Jean d’Amérique : pulvériser par la lumière

Un coup de cœur du Carnet

Jean D’AMÉRIQUE, Soleil à coudre, Actes Sud, 2021, 134 p., 15 € / ePub : 10.99 €, ISBN : 978-2-330-14889-8

jean d'amerique soleil a coudre« Des lueurs corrosives emprisonnent les bords de ma vie, me rongent jusque dans les profondeurs. Peau livrée au chant des épines, je suis comme enfouie dans un immense labyrinthe et ne sais d’où viendra enfin une brèche pour m’esquisser un horizon. »

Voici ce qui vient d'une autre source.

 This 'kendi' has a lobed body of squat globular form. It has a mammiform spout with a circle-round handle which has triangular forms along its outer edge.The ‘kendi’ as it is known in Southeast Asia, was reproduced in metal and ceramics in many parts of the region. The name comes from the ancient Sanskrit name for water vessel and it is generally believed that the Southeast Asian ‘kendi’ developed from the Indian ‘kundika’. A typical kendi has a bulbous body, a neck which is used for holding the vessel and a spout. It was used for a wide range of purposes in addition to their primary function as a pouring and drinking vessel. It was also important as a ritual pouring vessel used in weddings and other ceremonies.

Motus et bouche cousue, Tête Fêlée est amoureuse de sa camarade de classe, Silence. Si pour Tête Fêlée et pour Silence cet amour est aussi secret qu’évident, le monde autour l’est beaucoup moins – et c’est avec lui qu’il s’agit de tenter d’en découdre. Le monde autour est peuplé de violence – Beretta dégainés dès la naissance, litres de rhum ou de bières enfilés à la chaîne pour supporter les coups du destin et les frappes de l’autre, liquidations permanentes des êtres et exploitation de la misère de toutes les possibles manières –, violence généralisée que figure, dans Soleil à coudre, le lieu d’un bidonville haïtien baptisé « Cité de Dieu ».

Il faut dealer dans ce « quartier pourri » avec « Papa » et l’« Ange du Métal », supporter l’instruction au « Crédule Séminaire Sainte Faciale », subir les assauts du « Seigneur des Entrecuisses », voir le « Politicien dont le cul est fabriqué pour toutes les chaises » écouler la verge de son petit pouvoir dans les fesses de sa mère, « Fleur d’Orange ».

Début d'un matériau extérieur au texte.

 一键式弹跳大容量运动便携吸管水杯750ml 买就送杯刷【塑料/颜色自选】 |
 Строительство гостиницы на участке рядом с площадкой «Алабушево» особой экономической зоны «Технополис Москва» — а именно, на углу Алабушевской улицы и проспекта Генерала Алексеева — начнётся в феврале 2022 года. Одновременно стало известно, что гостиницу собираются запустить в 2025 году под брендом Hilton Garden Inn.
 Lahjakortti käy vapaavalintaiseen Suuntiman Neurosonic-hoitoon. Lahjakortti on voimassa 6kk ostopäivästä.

C’est là où la langue, pour Tête Fêlée qui recommence et recommence une lettre qu’elle veut adresser à la fille dont elle est amoureuse où elle tente de « coudre un horizon à l’image de son vœu pour Silence », devient résistance. C’est là où la langue, à travers l’écriture de Jean d’Amérique, s’alternant rythmiquement entre phases du soleil et de la lune, s’affirme pleine puissance pour contrer les atrocités, tenter d’abolir les frontières et les départs croisés.

Et, dans Soleil à coudre, c’est là où la langue se scande à la mesure exacte de l’amour. Chaque phrase de ce roman est taillée dans une langue rouge amoureuse d’où sourdent des cris à même de pulvériser le son des carabines et des gaz lacrymo. Impossible d’en sortir indemne car, au bout de chaque phrase, se trouvent l’abîme, une lettre et la vie.

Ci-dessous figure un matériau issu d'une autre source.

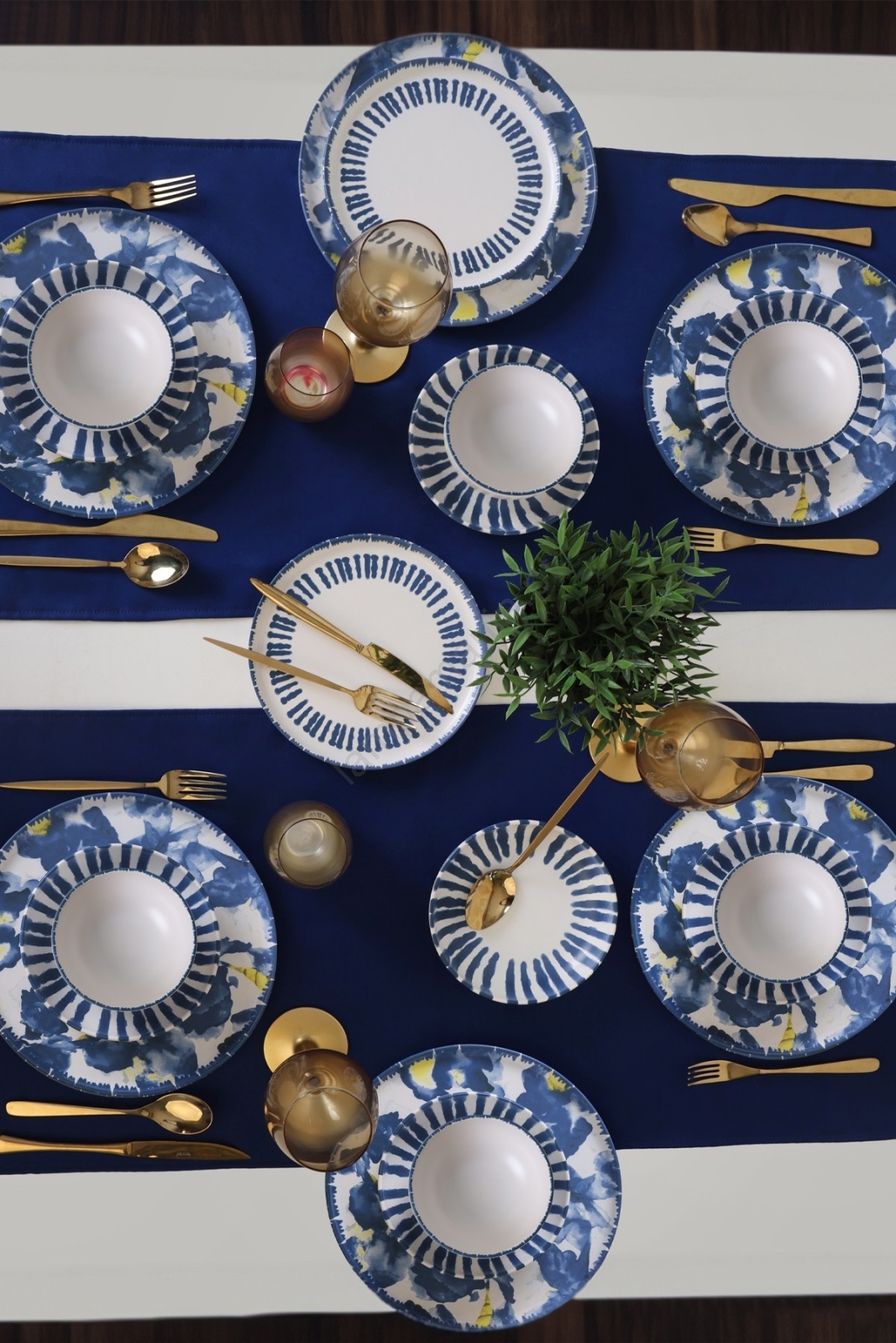 Conjunto de jantar 24 peças branco/azul/grés

Presque conjointement à son recueil poétique Atelier du silence (Cheyne éditeur, 2020) et à sa pièce théâtre Cathédrale des cochons (Éditions Théâtrales, 2020), ce roman parachève la révélation de la voix de Jean d’Amérique. Cette voix a émergé au travers des recueils Petite fleur du ghetto (initialement paru à l’Atelier Jeudi Soir en 2015, puis reparu aux éditions Maelström en 2019) et Nul chemin dans la peau que saignante étreinte (Cheyne éditeur, 2017). Loin de mettre un terme définitif à son éclosion, Soleil à coudre de Jean d’Amérique imprime la marque d’une véritable vocation, d’une voix terriblement singulière qui, à n’en pas douter, révélera toujours de puissantes corolles.